Friday, February 4, 2022

COVID Chronicles XXV: What, No Snow Days?

 COVID, Selye Stress Response Syndrome, Psychology, Psychoanalysis, Strain in the University





It is February of 2022, roughly the second anniversary of our discovery of the COVID-19 virus (and two years since a go round that I had with a very serious cold that knocked me out for the better part of a month – could it have been COVID?).  We are still trudging forward – the omicron strain has been infectious enough that it doesn’t seem to have anyone new to infect.  We continue to mask on campus, though we are all required to be vaccinated and the students do not mask at the basketball games.  Many of them have also quit making use of the on campus health facility because if they are found to have COVID, they are put in quarantine and not allowed to go to class.  To their credit, many of them are self-quarantining until they believe themselves to be safe…
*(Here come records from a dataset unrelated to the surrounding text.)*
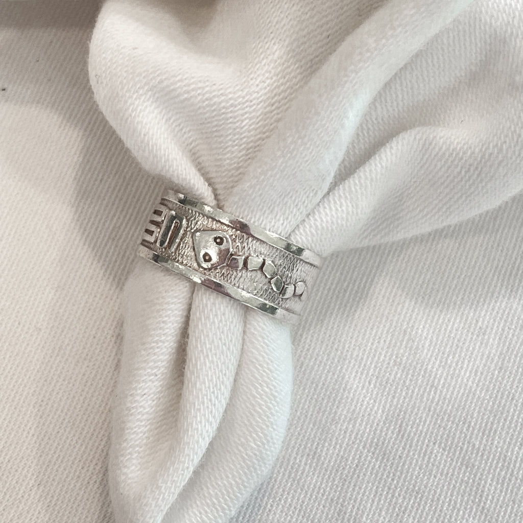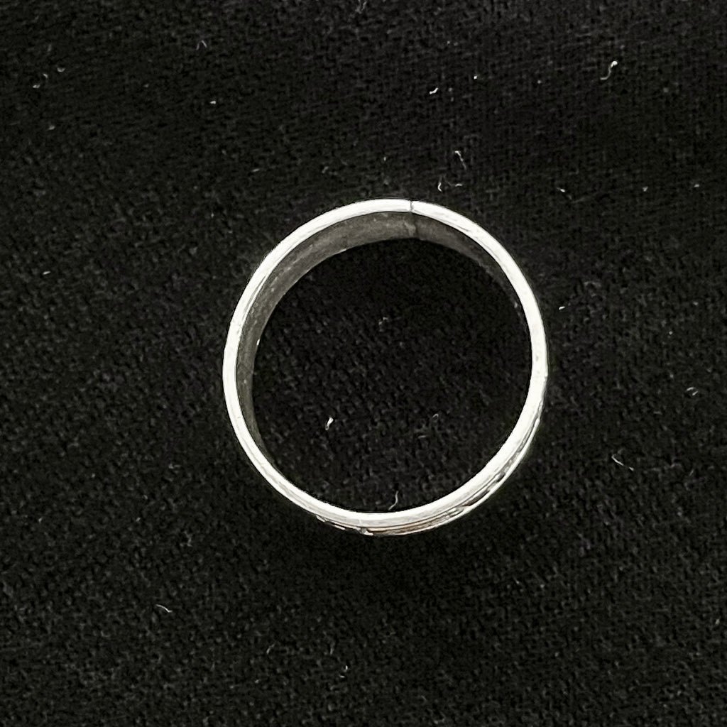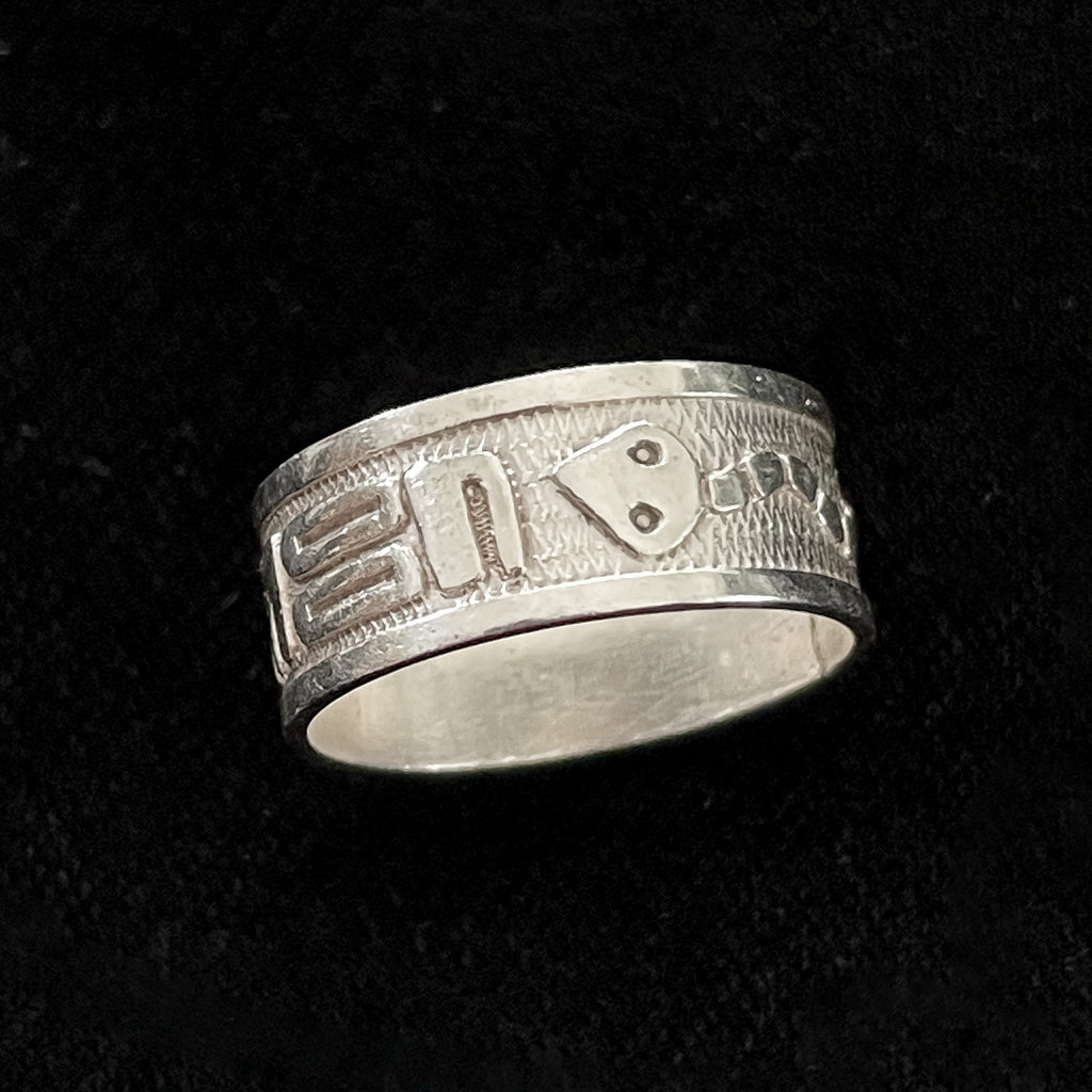 Vintage sterling silver band ring with all over southwestern Mayan pattern.
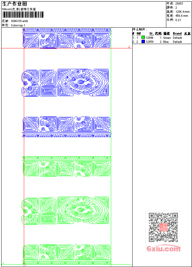 - emb花版参数: 大小:38.50 KB / 尺寸:459*1206[毫米] / 针数:25857针 / 线色:2 / 格式:emb / 版本:7
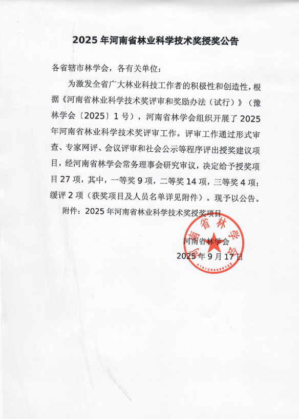 2025年河南省林业科学技术奖授奖公告

Last weekend I was talking to a colleague from Vienna, and he reports that it is against the law in Austria not to be vaccinated.  To this point, they have not been enforcing the law, but in a month or two they will levy a fine of 600 Euros on anyone who is not vaccinated, perhaps on a monthly basis.  He predicts that, if this occurs, there will be violent rioting in the streets, and I don’t doubt it.  Denmark, meanwhile, has lifted all restrictions.  These two wildly different positions clarify that we simply don’t know whether the pandemic has become an endemic or whether we are creating exactly the right conditions for the virus to become really virulent.  Time will tell.

In the meantime, I am quarantined at home by a blanket of snow.  The University is closed, but classes are being held – sort of.  The mandate from the administration is that classes must be asynchronous.  That means that we are not allowed to hold classes by zoom at the appointed time.  Now you may have had to read that last sentence twice.  It is senseless.  We have been holding zoom classes as a means of surviving the pandemic.  We are not able to get to school, so what are we to do?  In the old days, class would be cancelled, we would adjust the material to be covered and announce the changes at the next class.  But we no longer live in those times.  Nature cannot prevent us from meeting now, we have technology.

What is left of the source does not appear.